Железная кость
Шрифт:
«Ой, мудак, ну, мудак!» — словно вынырнул из полыньи и не мог надышаться никак, раскрывая на полную рот, еле сглатывая больноватые спазмы, — напугал даже чушку вот эту, Чугуева, понимал, что еще никогда этот скот и никто его в зоне ни разу не видел таким, но не мог все равно усмирить себя сразу, позорника: смех его выворачивал, смех качался насосами с хрюканьем сквозь, смех поднявшейся и подступившей водой снял его с табуретки и понес убедиться на ощупь в том, что это убогое, невозможно-душевнобольное существует, растет под землей и сейчас Шпингалет или Миша Самородок уже выгребает из туннеля последние комья суглинка или, может быть, даже уперся железякой, клыками, когтями в трубу, позабытую, не обозначенную на имевшемся в распоряжении Хлябина плане инженерных сетей (потерялась советская миллиметровка, на которой проложен в двадцати жалких метрах от санчасти маршрут, истрепалась и стерлась бумажная, карандашная правда, как у русских оно испокон все теряется), в вожделенную
В оплетенную цепкой, зубастой «егозой» санчасть он, конечно, не ринулся, обошел стороной — чтоб сейчас не вспугнуть шебуршащихся крыс, — как ни в чем не бывало поехал домой и не спал до утра: шевелились остатки волос на макушке, и земля ощутимо подрагивала под охотничьими сапогами, подымало его предвкушение всесилия, перехода на следующий уровень: он никогда уже не станет прежним, никогда не вернется в ничтожество.
Вышел в зябкий студеный, будоражащий воздух туманного утра, загрузил в свой «Паджеро» надувную моторку и пополз по разбитой грунтовке к Ишимке, за спиной по правую руку оставив поселок ни низких, ни высоких кирпичных коттеджей, подкатился к воде по пологому склону, повозился с насосом, оживляя резиновую шкуру, браконьерски тишайше (с чего? что ль, из страха, что монстр, отделенный от него километрами, сквозь бетонные стены и хрипы полусотни барачных животных — услышит?), как по маслу сволок налитую, звенящую лодку к урезу, пропихнул сквозь высокие сивые камыши на открытую воду и погреб, не решившись вспороть тишину первым взревом движка, рвать и рвать тарахтением даже самого малого хода. Замирал, увлекаемый несильным течением и вслушиваясь в проводящую бережно каждый звук тишину — отдаленный, неясного происхождения всплеск, всполох крыльев какой-то встрепенувшейся птицы.

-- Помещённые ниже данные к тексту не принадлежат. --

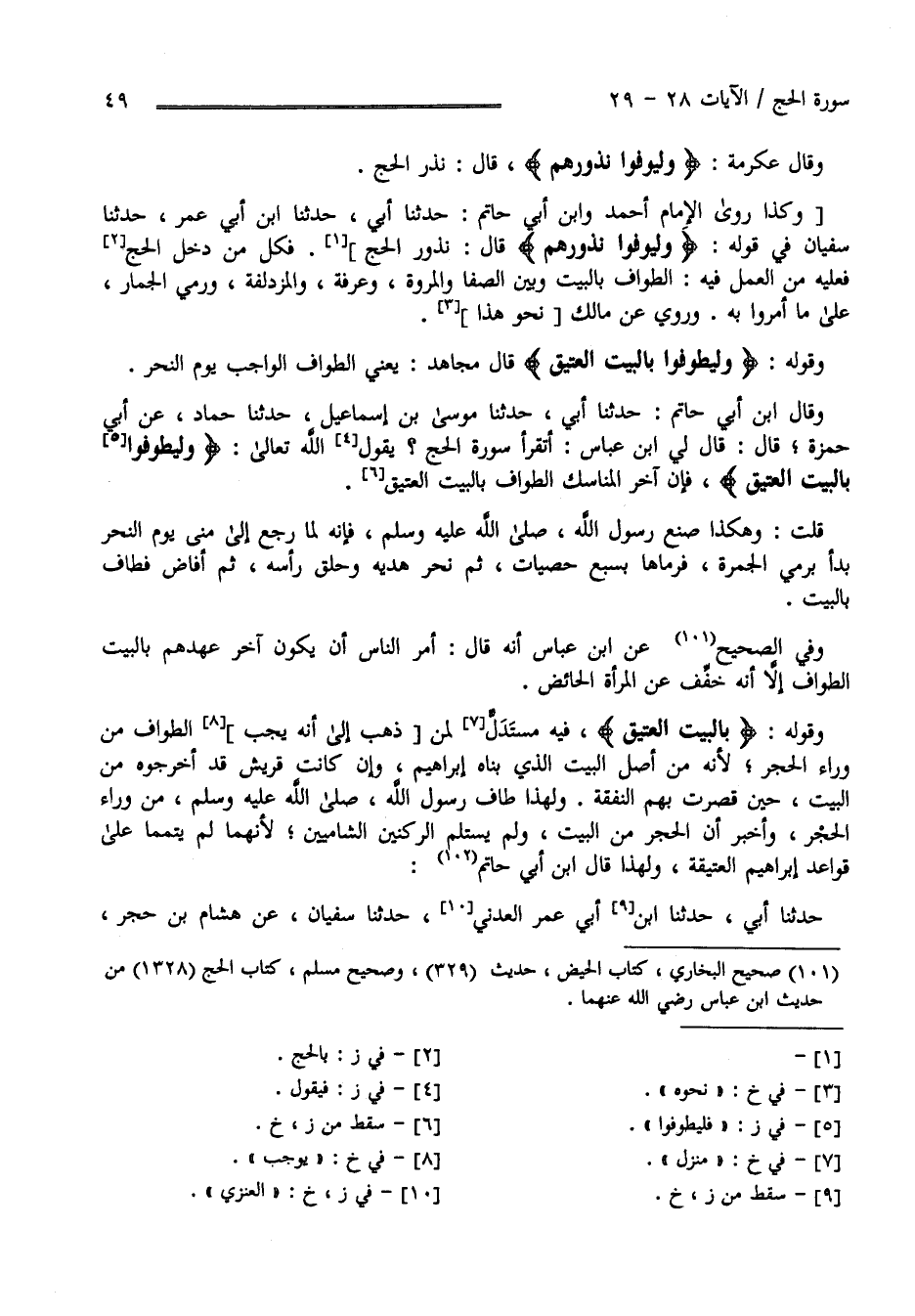 وَقَالَ عِكْرِمَة " وَلْيُوفُوا نُذُورهمْ" قَالَ حَجّهمْ وَكَذَا رَوَى الْإِمَام أَحْمَد وَابْن أَبِي حَاتِم حَدَّثَنَا أَبِي حَدَّثَنَا اِبْن أَبِي عُمَر حَدَّثَنَا سُفْيَان فِي قَوْله " وَلْيُوفُوا نُذُورهمْ " قَالَ نُذُور الْحَجّ فَكُلّ مَنْ دَخَلَ الْحَجّ فَعَلَيْهِ مِنْ الْعَمَل فِيهِ الطَّوَاف بِالْبَيْتِ وَبَيْن الصَّفَا وَالْمَرْوَة وَعَرَفَة وَمُزْدَلِفَة وَرَمْي الْجِمَار عَلَى مَا أُمِرُوا بِهِ وَرُوِيَ عَنْ مَالِك نَحْو هَذَا وَقَوْله" وَلْيَطَّوَّفُوا بِالْبَيْتِ الْعَتِيق " قَالَ مُجَاهِد يَعْنِي الطَّوَاف الْوَاجِب يَوْم النَّحْر وَقَالَ اِبْن أَبِي حَاتِم حَدَّثَنَا أَبِي حَدَّثَنَا مُوسَى بْن إِسْمَاعِيل حَدَّثَنَا حَمَّاد عَنْ أَبِي حَمْزَة قَالَ : قَالَ لِي اِبْن عَبَّاس أَتَقْرَأُ سُورَة الْحَجّ يَقُول اللَّه تَعَالَى " وَلْيَطَّوَّفُوا بِالْبَيْتِ الْعَتِيق " فَإِنَّ آخِر الْمَنَاسِك الطَّوَاف بِالْبَيْتِ الْعَتِيق : قُلْت وَهَكَذَا صَنَعَ رَسُول اللَّه صَلَّى اللَّه عَلَيْهِ وَسَلَّمَ فَإِنَّهُ لَمَّا رَجَعَ إِلَى مِنًى يَوْم النَّحْر بَدَأَ بِرَمْيِ الْجَمْرَة فَرَمَاهَا بِسَبْعِ حَصَيَات ثُمَّ نَحَرَ هَدْيه وَحَلَقَ رَأْسه ثُمَّ أَفَاضَ فَطَافَ بِالْبَيْتِ وَفِي الصَّحِيحَيْنِ عَنْ اِبْن عَبَّاس أَنَّهُ قَالَ أَمَرَ النَّاس أَنْ يَكُون آخِر عَهْدهمْ بِالْبَيْتِ الطَّوَاف إِلَّا أَنَّهُ خَفَّفَ عَنْ الْمَرْأَة الْحَائِض وَقَوْله " بِالْبَيْتِ الْعَتِيق " فِيهِ مُسْتَدَلّ لِمَنْ ذَهَبَ إِلَى أَنَّهُ يَجِب الطَّوَاف مِنْ وَرَاء الْحِجْر لِأَنَّهُ مِنْ أَصْل الْبَيْت الَّذِي بَنَاهُ إِبْرَاهِيم وَإِنْ كَانَتْ قُرَيْش قَدْ أَخْرَجُوهُ مِنْ الْبَيْت حِين قَصُرَتْ بِهِمْ النَّفَقَة وَلِهَذَا طَافَ رَسُول اللَّه صَلَّى اللَّه عَلَيْهِ وَسَلَّمَ مِنْ وَرَاء الْحِجْر وَأَخْبَرَ أَنَّ الْحِجْر مِنْ الْبَيْت وَلَمْ يَسْتَلِم الرُّكْنَيْنِ الشَّامِيَّيْنِ لِأَنَّهُمَا لَمْ يُتَمِّمَا عَلَى قَوَاعِد إِبْرَاهِيم الْعَتِيقَة وَلِهَذَا قَالَ اِبْن أَبِي حَاتِم حَدَّثَنَا أَبِي حَدَّثَنَا اِبْن أَبِي عُمَر الْعَدَنِيّ حَدَّثَنَا سُفْيَان عَنْ هِشَام بْن حُجْر
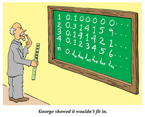 Αυτός ο αριθμός δεν μπορεί να ανήκει στον αρχικό κατάλογο αφού διαφέρει από τον πρώτο αριθμό στο πρώτο δεκαδικό ψηφίο, από τον δεύτερο στο δεύτερο δεκαδικό ψηφίο, από τον τρίτο στο τρίτο δεκαδικό ψηφίο κ.ο.κ.

Еле-еле светлело зеленцой на восходе почти полностью черное, непроглядное небо, и в невидимой зоне еще не врубили подъем, и, наверно, Угланов не спал, чуя близость звериной свободы; луч фонарика клином высвечивал неподвижную гладкую темную воду, с берегов наступал и седой клочковатой ватой скатывался в реку туман — ничего не видать, а потом сквозь белесую мглу промерцали ослабевшим под утро накалом огни и по правому берегу проявились засвеченные очертания зоны. Угловая квадратная вышка с упрежденным, чтоб не шуранул среди ночи тревогу, попкарем-желторотиком (было время, и Хлябин вот так же стоял над остывшей степью и вымершей зоной в ночи) плавно выплыла лодке навстречу, и прожекторный свет ему хлынул, хозяину зоны, в глаза, прохватив представлением, что почувствует монстр всей своей остановленной кровью, когда невозможный рентгеновский свет его выхватит из такой окончательно купленной, поглотившей его без обмана спасительной тьмы — что почувствует рыба, речное животное, очутившись в прозрачном предсмертии светового колодца.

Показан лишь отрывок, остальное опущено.